Sewer lines throughout Franklinton are being repaired, part of a $2.5 million project and without even having to dig up the pipes, some of which are 50 years old or older, according to The Daily News.

“We’re doing a lot of repair work on our sewer lines here in Franklinton,” said Franklinton Public Works Director Reginald McMasters.

Work crews are repairing sewer lines on 10th Avenue, Main Street and various other areas of town, he said. The project, which began last year with video monitoring of the lines, also includes repairs of manholes and other aspects of the sewer system.

Currently, work crews are using a technique called “sliplining,” which utilizes steam to insert a liner pipe into the existing pipe and seal any leaks.

“It’s kind of like a pipe inside a pipe,” McMasters said. Work crews use special tools to insert liner pipes without having to dig up the existing pipes.

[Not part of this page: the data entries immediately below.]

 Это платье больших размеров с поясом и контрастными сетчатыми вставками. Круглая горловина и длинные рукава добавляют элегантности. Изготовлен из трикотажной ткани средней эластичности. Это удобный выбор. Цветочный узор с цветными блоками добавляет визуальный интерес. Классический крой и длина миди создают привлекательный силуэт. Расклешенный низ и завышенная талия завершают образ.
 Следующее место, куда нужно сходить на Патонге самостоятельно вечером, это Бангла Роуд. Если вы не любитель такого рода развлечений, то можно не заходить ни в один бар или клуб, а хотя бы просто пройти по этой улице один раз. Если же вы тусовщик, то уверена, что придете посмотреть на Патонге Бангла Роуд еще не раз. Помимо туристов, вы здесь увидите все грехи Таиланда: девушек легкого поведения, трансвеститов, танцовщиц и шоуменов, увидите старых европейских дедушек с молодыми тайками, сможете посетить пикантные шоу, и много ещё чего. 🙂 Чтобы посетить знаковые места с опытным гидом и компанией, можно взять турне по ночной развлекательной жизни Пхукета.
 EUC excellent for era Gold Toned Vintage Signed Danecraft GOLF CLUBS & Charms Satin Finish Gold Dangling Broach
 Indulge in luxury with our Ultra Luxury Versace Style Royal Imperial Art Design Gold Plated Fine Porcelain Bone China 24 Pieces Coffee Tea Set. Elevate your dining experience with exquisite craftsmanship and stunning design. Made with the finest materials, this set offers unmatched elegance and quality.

Franklinton Mayor Wayne Fleming said residents would not necessarily see the effect of the newly repaired pipes in their homes.

“It mainly affects our sewer plant,” Fleming said, adding the repaired pipes won’t be susceptible to groundwater intrusion.

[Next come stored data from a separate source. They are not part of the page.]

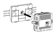 - 将背后模块安装适配器的顶部凹槽放置在 DIN 导轨的顶部边缘。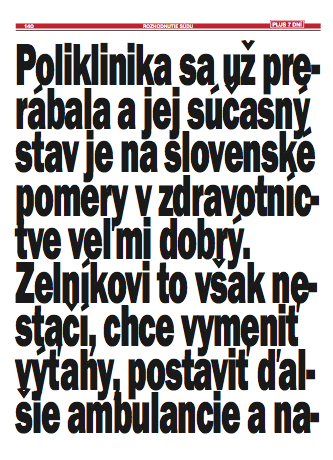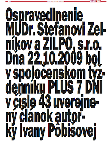 Týdeník se musí omluvit za to, že v roce 2009 vyjádřil pochybnost nad tím, zda bývalý poslanec vládní Slovenské národní strany Štefan Zelník nevyužil svých politických kontaktů, aby získal dotace z eurofondů pro své podnikání. Omluvu musí zveřejnit ve stejném písmu, v jakém byl titulek článku. „Je to výsměch naší justice,” komentoval šéfredaktor. Zároveň v omluvě musí zopakovat celý článek ve fontu titulku. Zatímco původní článek zabral 2,5 strany, omluva vychází na 54 stran.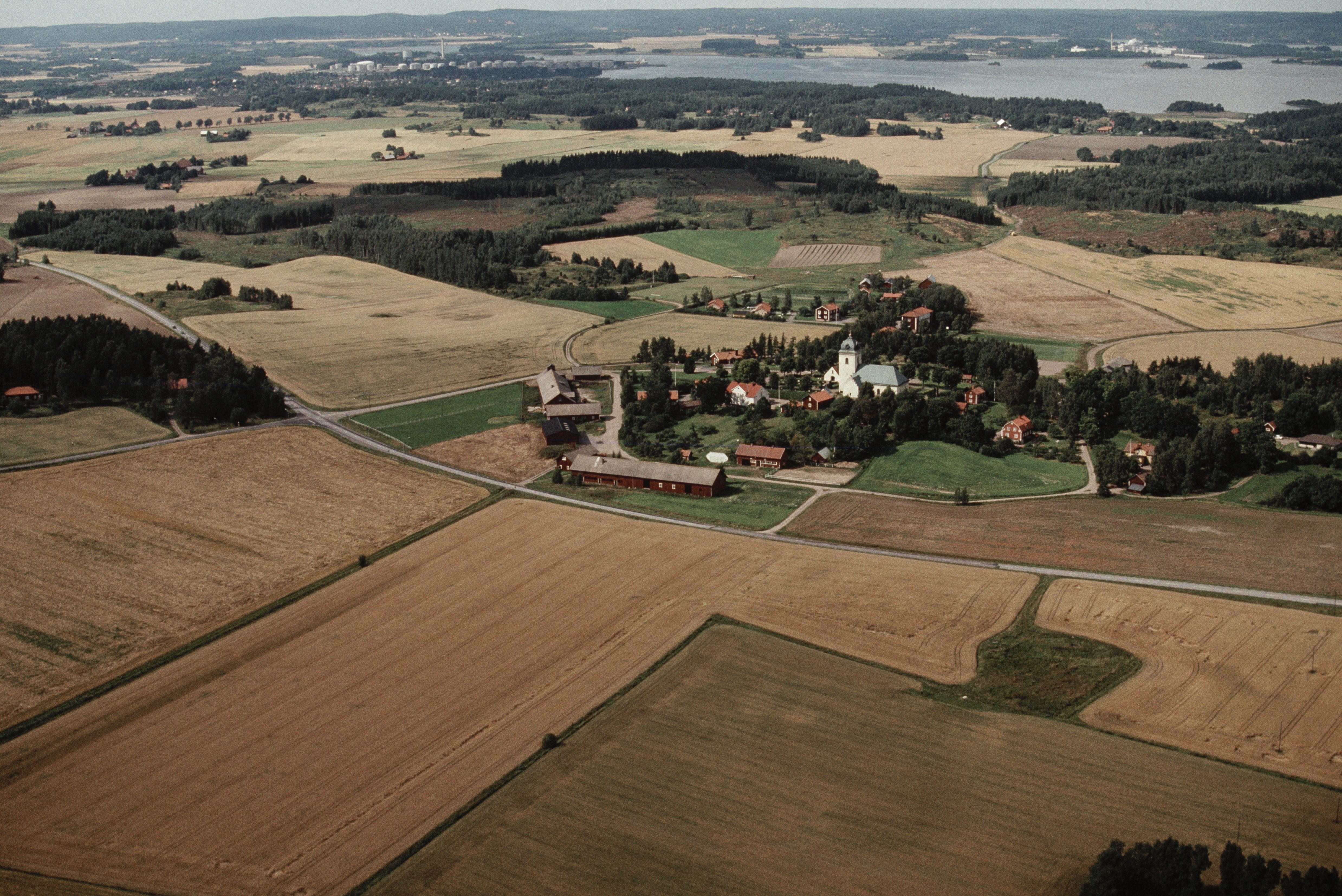 Beskrivning: Dagsbergs kyrka och kyrkby. Bilden är tagen mot (väderstreck): NV

Groundwater or dirt seeping into the sewer lines can cause big problems, the mayor said.

“Eventually, it will wear your system out,” he said.

The project is being paid for with a loan and a grant from the United States Department of Agriculture. Insiturform of Hammond is the contractor.

The new sewer lines mean a lot for the town, according to the mayor.

“It’s really a major upgrade,” Fleming said.